Aos seis anos todos na escolinha pobrinha já sabiam dos modos afeminados do queridinho da professora. Assentava-se à primeira carteira. Era ótimo aluno. Principalmente nas aulas de prendas domésticas, de pintura, de corte e costura, e, a que mais gostava, era a de maquiagem. Como ele ficava lindo depois do batom índigo- carmim, do blush moreno jambo, do rímel preto asa de urubu caído no balde de piche!
Inda mais quando usava salto alto. E se equilibrava jeitosamente desfilando crente depois da aula de português.
Aos quinze precisava escolher qual a profissão a ele eleita. Maquiador seria a de número um. De cabeleireiro, a segunda. Mas, o que o contrariava fundo nas profundezas insossas de sualma, era o fato de que por mulher nunca se sentia atraído. Quem o fazia suspirar de emoção, fazia-o sentir lá no fundo um ardume forte no coração, era um moreninho forte, apesar dos poucos mais de dezesseis aninhos, lindo como uma cotovia no cio.
Apesar da aparente rejeição do amiguinho, ele não arredava os pezinhos de perto de onde ele estava. Seja no recreio, seja na aula mais horrorosa que absolutamente detestava: matemática.
Aos quase vinte teve de sair da escola.
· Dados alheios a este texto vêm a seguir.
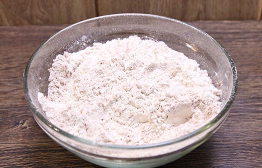 - Begin met het combineren van alle losse deegingrediënten in een handige kom. Dit zijn zout, kristalsuiker, premium bloem, bakpoeder en bakpoeder. Meng al deze componenten voorzichtig en verdeel ze gelijkmatig over elkaar.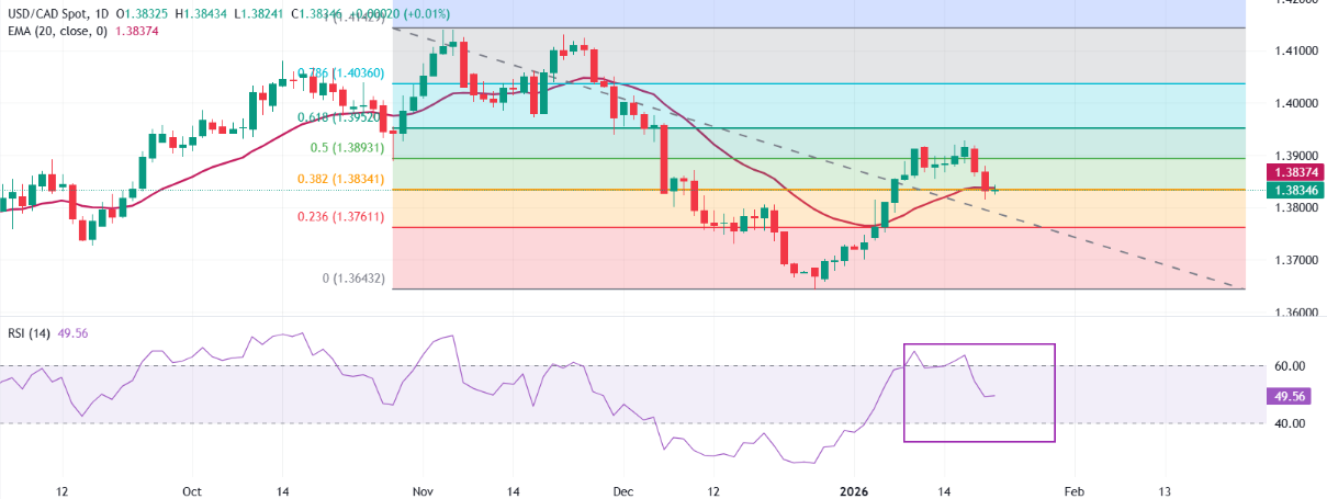 USD/CAD 在撰写时围绕1.3834进行横盘整理。20期指数移动平均线(EMA)在持续下跌后已趋于平稳,接近1.3837,并略高于现货水平,限制了反弹。如果收盘价高于20日EMA,将改善短期走势,而未能重新夺回该位置将使价格走势仍然低迷。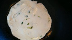 锅中放油,比平时炒菜多一些。油热后把饼皮放锅里,中火煎。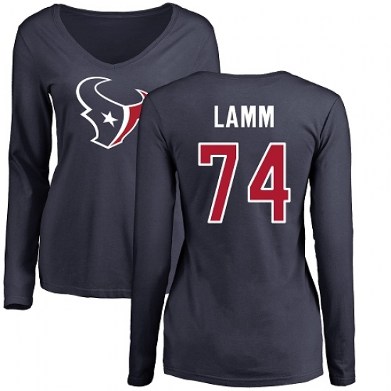 NFL Nike Houston Texans #74 Kendall Lamm Navy Blue Backer Long Sleeve T-Shirt

Contrariado, já que o quase namorado ficaria mais um tempo. Como ele estava apaixonado pelo rapagão forçudo, corpo malhado em academia, nadador quase peixe fresco passado na frigideira dos olhos mortiços dele mesmo.
Mas, quis a vida que os dois fossem apartados por uma encruzilhada que acontece entre dois namoradinhos. O amiguinho colorido foi pela estrada principal. Joãozinho foi por um atalho pro mau caminho.
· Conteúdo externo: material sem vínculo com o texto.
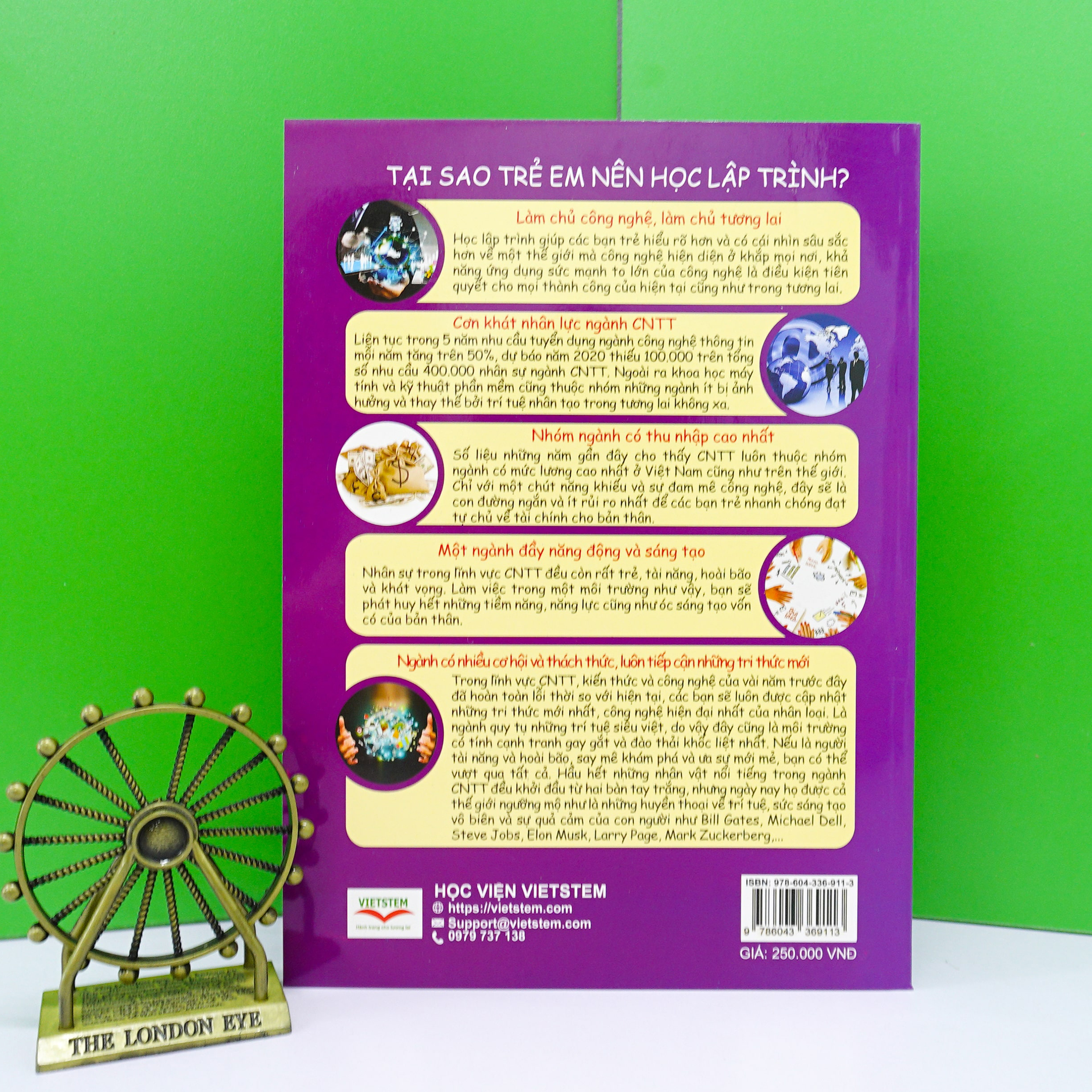• Học sinh cũng như giáo viên hướng dẫn ôn luyện “Hội thi Tin học trẻ toàn quốc - Bảng B: Thi kỹ năng lập trình cấp Trung học cơ sở”.   LỜI CẢM ƠN Chúng tôi xin chân thành cảm ơn cộng đồng giáo viên tin học, các bạn học sinh đã luôn ủng hộ VIETSTEM và đội ngũ tác giả. Những phản hồi tích cực trong thời gian qua là động lực để chúng tôi tiếp tục hành trình tạo ra những sản phẩm ngày một sáng tạo và chất lượng, giúp phổ biến lập trình cũng như phổ biến giáo dục STEM đến mọi học sinh Việt Nam, góp phần tạo nên một thế hệ trẻ yêu công nghệ. Mọi thắc mắc về các sản phẩm của VIETSTEM liên hệ shop để được hỗ trợ và giải đáp. THÔNG TIN SÁCH

Quando, aos quase cinquenta, cabeleireiro respeitado, feito rico, morando numa casa- mansão num bairro chiquetérrimo, eis que, num dia cinzento, bateu a porta do antes Litlle John um sujeito caindo aos pedaços.
Como ele tinha um coraçãozinho de ouro- rosa- choque- purpurina, abriu-lhe a linda porta de madeira rosa esmeralda, convidou o desconhecido a entrar, introduziu-o à sala de jantar, candelabros de cristal da Mongólia, e, debruçados por sobre a mesa coberta por uma toalha bordada em fios de ouro cinza, fez com que a visita, até então estranha, se deliciasse com a lagosta ao termidor recém tirada dos arrecifes do fundo de um mar próprio, numa prainha só de uso dele e dos amigos chegados.
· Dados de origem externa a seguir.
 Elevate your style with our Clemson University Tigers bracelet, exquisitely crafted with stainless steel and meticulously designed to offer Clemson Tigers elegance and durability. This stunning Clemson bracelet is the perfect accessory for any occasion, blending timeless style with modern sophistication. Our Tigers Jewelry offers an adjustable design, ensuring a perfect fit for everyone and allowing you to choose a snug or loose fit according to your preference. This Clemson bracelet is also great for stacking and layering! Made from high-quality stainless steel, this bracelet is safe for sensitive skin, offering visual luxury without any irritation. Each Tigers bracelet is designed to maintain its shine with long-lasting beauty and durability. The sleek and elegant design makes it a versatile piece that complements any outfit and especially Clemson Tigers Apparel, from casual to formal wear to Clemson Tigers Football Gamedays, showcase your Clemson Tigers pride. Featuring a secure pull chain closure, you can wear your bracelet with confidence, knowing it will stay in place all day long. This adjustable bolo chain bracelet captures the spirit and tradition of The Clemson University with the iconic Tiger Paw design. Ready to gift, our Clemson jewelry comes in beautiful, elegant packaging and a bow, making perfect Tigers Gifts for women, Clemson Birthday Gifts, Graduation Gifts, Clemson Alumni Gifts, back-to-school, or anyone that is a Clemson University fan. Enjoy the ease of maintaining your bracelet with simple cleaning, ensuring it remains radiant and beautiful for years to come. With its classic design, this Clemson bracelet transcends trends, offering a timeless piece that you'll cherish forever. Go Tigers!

Depois do lauto rega-bofe, acompanhado de um vinho ilibado, antes degustados tira-gostos cheirando a Caviar Beluga, o nosso Joãzinho, feito Litlle John Sênior, fez a visita ir ao banheiro decorado com lustres de cristal de muitos quilos de profundidade.
À porta pediu à camareira que fizesse ao recém chegado de presente um lindo traje de festa.
Depois, de banho tomado, perfumado até as axilas com um perfume de gardênia, lindamente vestido num fraque novinho, quando nosso hospedeiro deu com a visita limpa como bunda de nenê depois do banho de talco azul, duas lágrimas escorreram-lhe do canto dos olhinhos azuis (agora ele usava lente de contato).
Quando o nosso ex-Litlle John reconheceu na visita seu antigo namoradinho, teve um ataque no coraçãozinho frágil. Morreu com a mesma singeleza que nasceu.
No dia das exéquias apenas o querido amigo, além de um cãozinho querido, acompanharam a linda urna rosa–piscina-cor-de-barro-mole até um maravilhoso túmulo comprado de pouco no elegante cemitério da Recoleta. Um lindo cemitério famoso na capital da Argentina.
Um mês depois o velho namoradinho, único herdeiro do mortinho sensível, mandou gravar no mármore quente pelo sol de janeiro essa inscrição: “aqui Requiescat in Pace o querido Litlle John, meu amado querido.”